Нашим любимым учителем среди ифлийских лингвистов был Дмитрий Николаевич Ушаков. Его‑то лекцией в небольшом, тесном кабинете и началась моя студенческая жизнь 1 сентября 1935 года.
Дмитрий Николаевич читал нам современный русский язык, его ассистенткой, которая вела с нами практические занятия, была Евдокия Михайловна Федорук. Ушаков сидел за столом, почти окруженный студентами, которым недоставало места, и говорил о русском языке как о своем хорошем знакомом, без записок, без книг, крутя большими пальцами рук, сложенных на животе. То, что он рассказывал, было ново и интересно, а вместе с тем очень просто и понятно. Но самое замечательное и прекрасное в его лекциях, которые и лекциями‑то называть не хотелось бы, была манера говорения. Он говорил по‑русски, как после того мне уже не доводилось слышать, — просто, со вкусом, всегда правильно и всегда не книжно. Свободно и естественно лилась его старомосковская речь, очень непохожая на ту смесь газетных штампов с жаргонными и энглизированными словечками, произносимыми с «правильностью» книжника‑дьячка, которую я постоянно слышу теперь вокруг себя. В его речи не было ни позы, ни фразы — никакого притязания на эффект, она была по‑настоящему красива и выразительна.
Свой курс Дмитрий Николаевич начал объяснением различия между преподаванием в школе физики и русского языка: в школе излагают не всю физику, но то, что излагают, составляет часть науки физики; а то, чему учат в школе на уроках русского языка, к науке о языке никакого отношения не имеет, и все это он нам посоветовал выкинуть из головы. Лекции Ушакова продолжались два семестра. Он успел рассказать нам о лексике и фонетике, морфологию вместо него излагала Евдокия Михайловна, о синтаксисе вообще речи не было. В лексике же, сколько помню, речь шла преимущественно (если не исключительно) о соотношении старославянского и русского элементов. То, чему нас учил Дмитрий Николаевич, безусловно, было наукой, но наукой уровня начала века, дососсюровской, дободуэновской наукой. Дмитрий Николаевич описывал язык так, как будто не было ничего и никого со времен Фортунатова и Соболевского. Он, вероятно, читал Соссюра и Блумфилда, знал о пражском кружке и о Трубецком, но нам он определял фонему как «социально значимый звук» и, с гордостью называя себя «представителем формальной школы», вероятно, имел о современном формализме сомнительное представление.

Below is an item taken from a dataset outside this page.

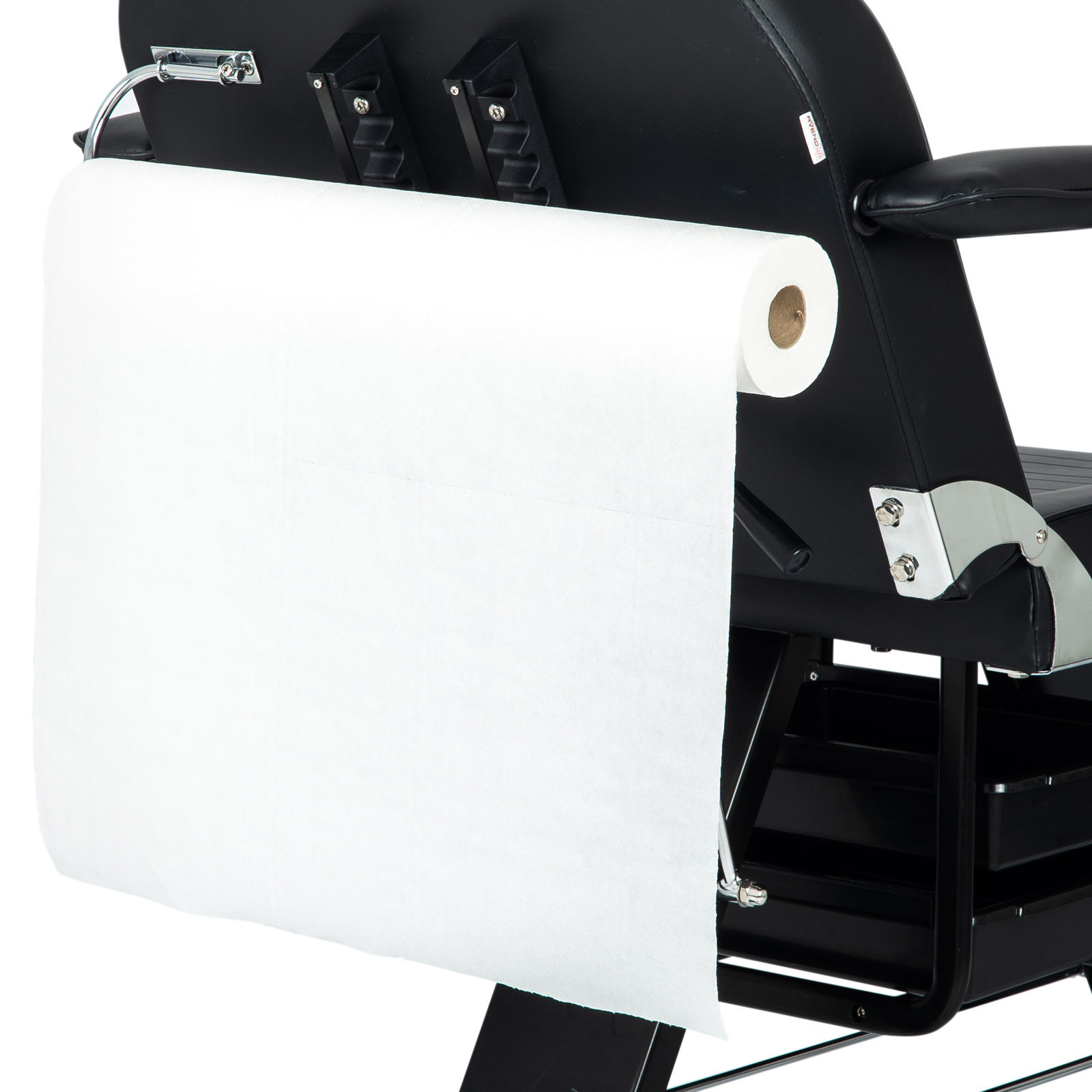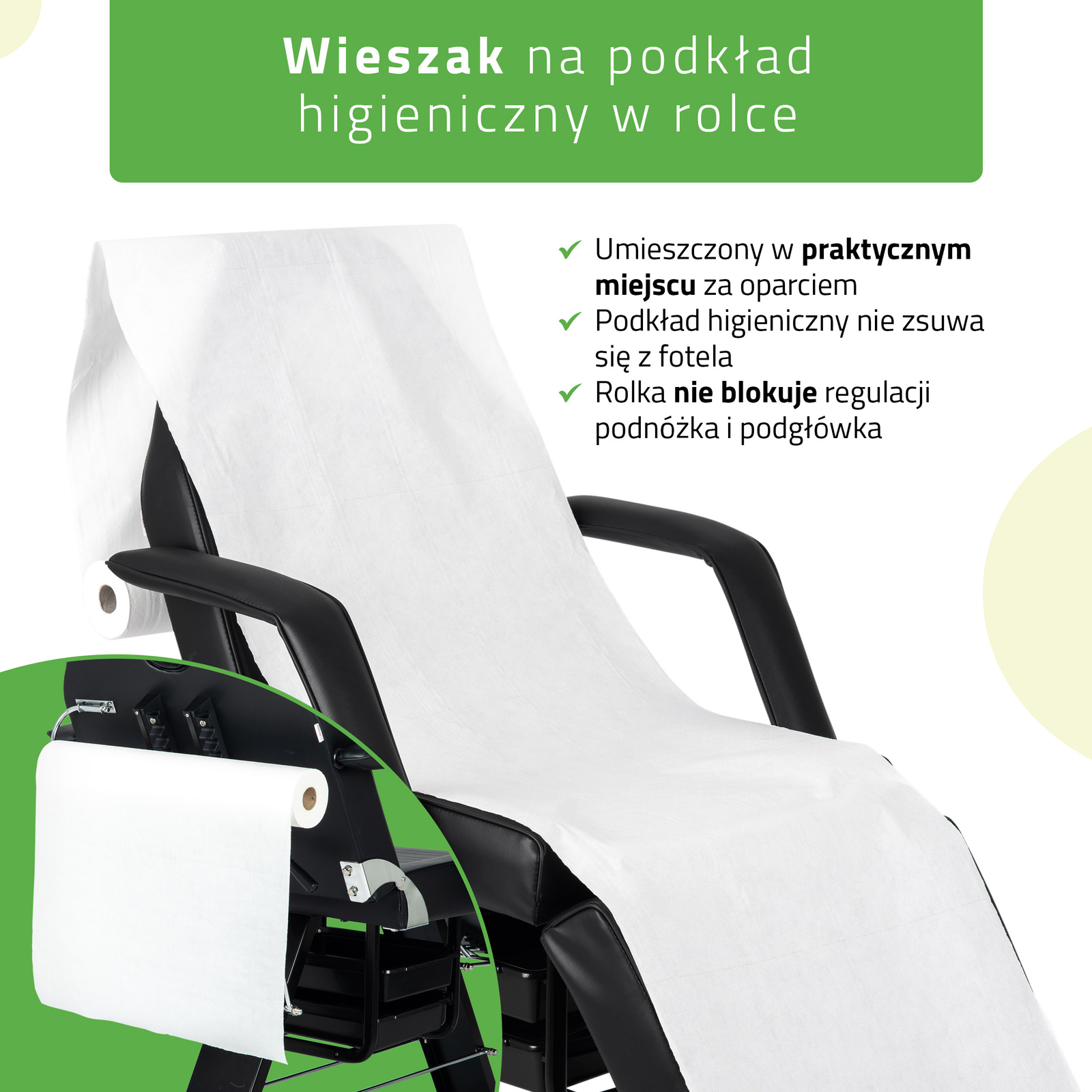 Wieszak na podkład higieniczny w rolce umieszczony w praktycznym miejscu za oparciem ułatwia pracę, nie zsuwa się z fotela i nie blokuje regulacji podnóżka.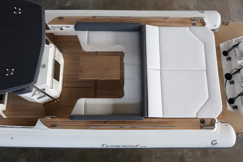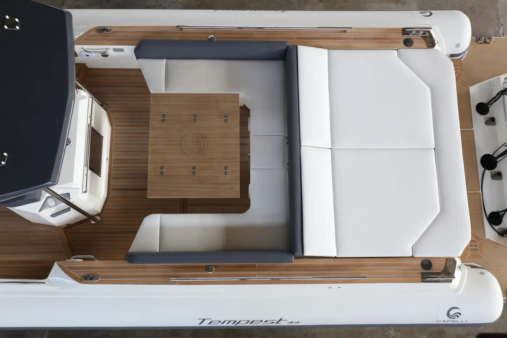 Tempest 44 er en rib som utstråler luksus og tiltrekker seg oppmerksomhet. Kabinen tilbyr romslig ståhøyde, et velutstyrt kjøkken, dinette/dobbelseng og soveplasser. Toalettet har elegant design. Store utearealer med rikelig plass til sosiale sammenkomster og soling gir trivsel. Dypt V-bunnsskrog skaper gode sjøegenskaper, og 3 x 300 Hk motorer kan gi toppfart på nær 50 knop.

Со старшими курсами проф. Ушаков в те годы не занимался, а потому после весенней сессии 1936 года мне уже не доводилось общаться с ним. Скончался он во время войны, в эвакуации, весной 1942 года. Когда через 20 лет я приехал в Ташкент, я попытался найти его могилу, но это мне не удалось. Его ассистентка, официально титуловавшая себя двойной фамилией Федорук‑Галкина (ее муж, проф. Галкин, читал у нас новую западную историю), была фигурой анекдотической, и виной тому была ее собственная бестактность. Пожалуй, это был самый значительный ее недостаток из тех, что бросался в глаза.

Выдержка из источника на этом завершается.